The government has historically subsidized energy costs for domestic industries, among them energy-intensive ones such as steel, cement and fertilizers. Even today, after initiatives by the government to phase out energy subsidies for energy-intensive industries and bring the cost of natural gas and electricity in line with international prices, electricity and natural gas costs remain low compared to the rest of the world. “The maximum price that local companies pay [for natural gas], whether they are fertilizer, cement or steel [producers], is $3 per mbtu [million British thermal units]. If you go and check international prices, they are in the range of $5 to $6,” says El Ebrashi, noting that many companies pay even less.

El Ebrashi estimates the number of domestic fertilizer manufacturers at 13, some of which are in industrial free zones. “The companies located in these areas have natural gas cost advantage,” he says. Orascom Construction Industries (OCI) Fertilizer Group, which was established after the acquisition of Egyptian Fertilizer Company (EFC) in 2008, is a case in point. “OCI enjoys one of the lowest fertilizer feedstock costs in the world, as we have long-term low-cost natural gas supply contracts for each of our plants,” says Omar Darwazah, investor relations manager at OCI. “Gas contracts are for 20 years for [OCI Fertilizer Group subsidiaries] EBIC [Egypt Basic Industries Company] and Sorfert; 25 years for EFC,” he says. Interestingly, fertilizer export prices are not comparably low. “Our fertilizers are exported at international prices,” says Darwazah. El Ebrashi notes that is because OCI Fertilizer Group is located in an industrial free zone.

“If they are liberalizing the fertilizer market, there are so many questions regarding this,” says El Ebrashi, “because the companies are getting natural gas at a very cheap price compared with the international market.” He says the People’s Assembly has strongly opposed the government’s intentions to liberalize the market, which would remove price caps from domestic producers and in all likelihood increase the cost of fertilizer for the country’s farmers.

Issues related to distribution and export could also delay liberalization. “The government is the main distributor of nitrogen fertilizers,” says Taher. It buys fertilizers at a capped price, which it sets, then sells them at a subsidized price to end-users through the Principal Bank for Development & Agricultural Credit (PBDAC), which has very few distribution channels. According to an article published on March 21 in Al Alam Al Youm, the private sector has expressed interest in handling distribution, but the government has not announced any concrete plans to allow it to do so.
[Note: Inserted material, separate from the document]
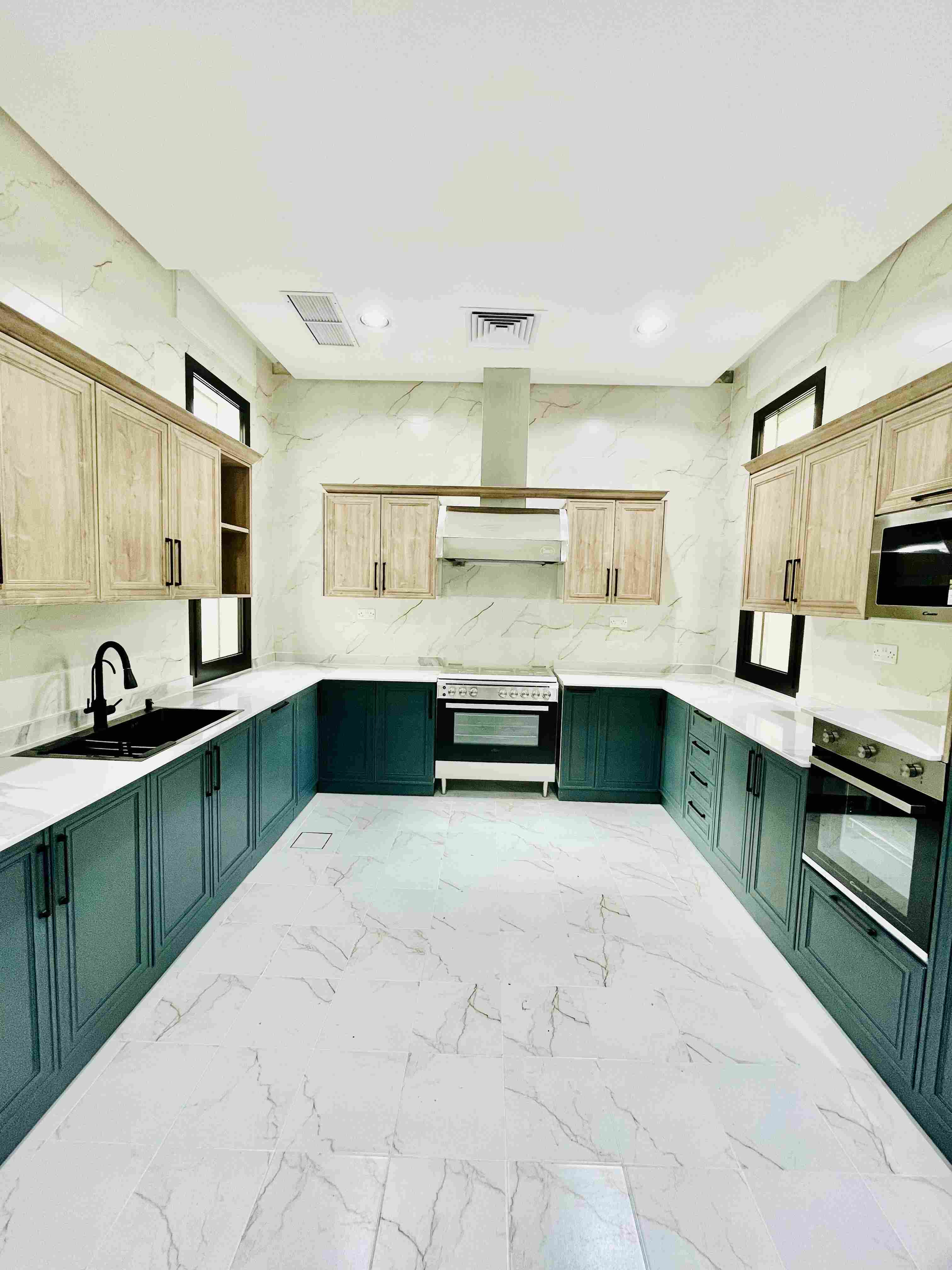 دور ثاني فاخر للاإيجار في منطقة الشامية مكون من 5 غرف منهم ثلاث غرف ماستر وغرفتين يخدمهم حمام وصاله كبيره مع مطبخ تحضيري ومطبخ رئيسي وغرفة خادمه مع حمامها وجلسه خاصه على الروف مع مطبخ تحضير الإيجار 1450دك شامل كهرباء ماء صيانة تكييف للاستفسار الاتصال على رقم 94948581

Because the domestic market is saturated, says Taher, the PBDAC is left with an excess supply of fertilizer that must be stored or sold abroad. “The Principal Bank has a rising inventory of these products because it seems that they have some kind of logistics issues, so they cannot buy any more from the companies,” says El Ebrashi. “The companies say, ‘If the PBDAC cannot buy our products and we cannot sell at a reasonable price, why not sell it directly to the export market?’” The problem, he points out, is that exports have been intermittently banned since 2003, and producers can export only with government approval. However, fertilizer producers in industrial free zones do have the right to export. For example, 90 percent of EFC’s fertilizer product is exported and 100 percent of EBIC’s, says Darwazah. If the government liberalizes the fertilizer market, will it privatize distribution or increase exports?

Taher believes the government intends to liberalize the nitrogen fertilizer market, but he has no doubt that officials would intervene if the economic instability or haphazardly increasing prices of the past few years recur. After all, El Ebrashi notes, the PBDAC will soon establish a joint venture with fertilizer companies and distributors in which the bank will have a majority stake. The company, says El Ebrashi, which will buy fertilizer from domestic producers and sell to farmers, will ensure an available and affordable supply for farmers.